◆ **WORK TASK**
From the first line to the last, set down the material exactly, leaving out its pictures.

◆ **INFORMATION SHOWN**
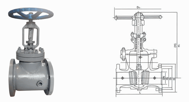 碳鋼保溫閘閥外形結(jié)構(gòu)圖:
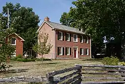 On May 14, 2001, the city of Edwardsville held a ground breaking ceremony to officially commence a restoration project aimed at returning the house to the most original condition possible. The eventual goal of the project was to furnish the home circa 1820s and open it as a house museum to the public.[2] The restoration project, overseen by the firm St. Louis Tuckpointing and Painting, carried a price tag of more than $1 million; $150,000 to purchase the house, $725,000 in restoration costs and $215,000 to purchase a nearby gas station.[12] Initially the project was to be completed by December 2003, but by April 2004 most of the exterior work had been finished with interior plastering and wood floor installation remaining.[11][12] The restoration was nearly totally completed by the time the official dedication ceremony occurred on July 1–2, 2006, more than six years after the purchase of the house by the city.[13]
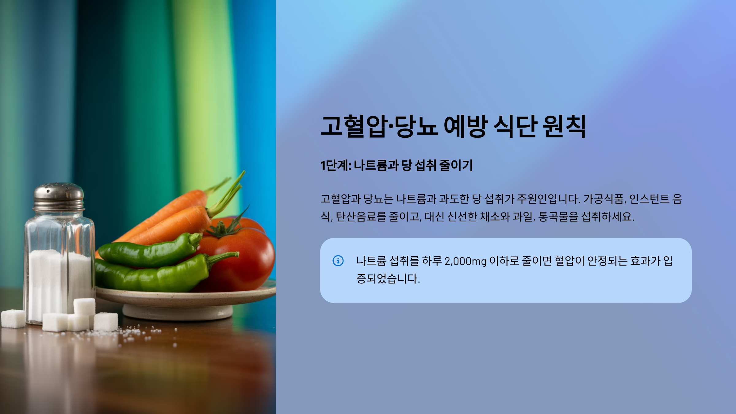고혈압과 당뇨는 나트륨과 과도한 당 섭취가 주원인입니다. 가공식품, 인스턴트 음식, 탄산음료를 줄이고, 대신 신선한 채소와 과일, 통곡물을 섭취하세요. 실제로 나트륨 섭취를 하루 2,000mg 이하로 줄이면 혈압이 안정되는 효과가 입증되었습니다.

◆ **RESULT BELOW**
 碳鋼保溫閘閥外形結(jié)構(gòu)圖:
 On May 14, 2001, the city of Edwardsville held a ground breaking ceremony to officially commence a restoration project aimed at returning the house to the most original condition possible. The eventual goal of the project was to furnish the home circa 1820s and open it as a house museum to the public.[2] The restoration project, overseen by the firm St. Louis Tuckpointing and Painting, carried a price tag of more than $1 million; $150,000 to purchase the house, $725,000 in restoration costs and $215,000 to purchase a nearby gas station.[12] Initially the project was to be completed by December 2003, but by April 2004 most of the exterior work had been finished with interior plastering and wood floor installation remaining.[11][12] The restoration was nearly totally completed by the time the official dedication ceremony occurred on July 1–2, 2006, more than six years after the purchase of the house by the city.[13]
고혈압과 당뇨는 나트륨과 과도한 당 섭취가 주원인입니다. 가공식품, 인스턴트 음식, 탄산음료를 줄이고, 대신 신선한 채소와 과일, 통곡물을 섭취하세요. 실제로 나트륨 섭취를 하루 2,000mg 이하로 줄이면 혈압이 안정되는 효과가 입증되었습니다.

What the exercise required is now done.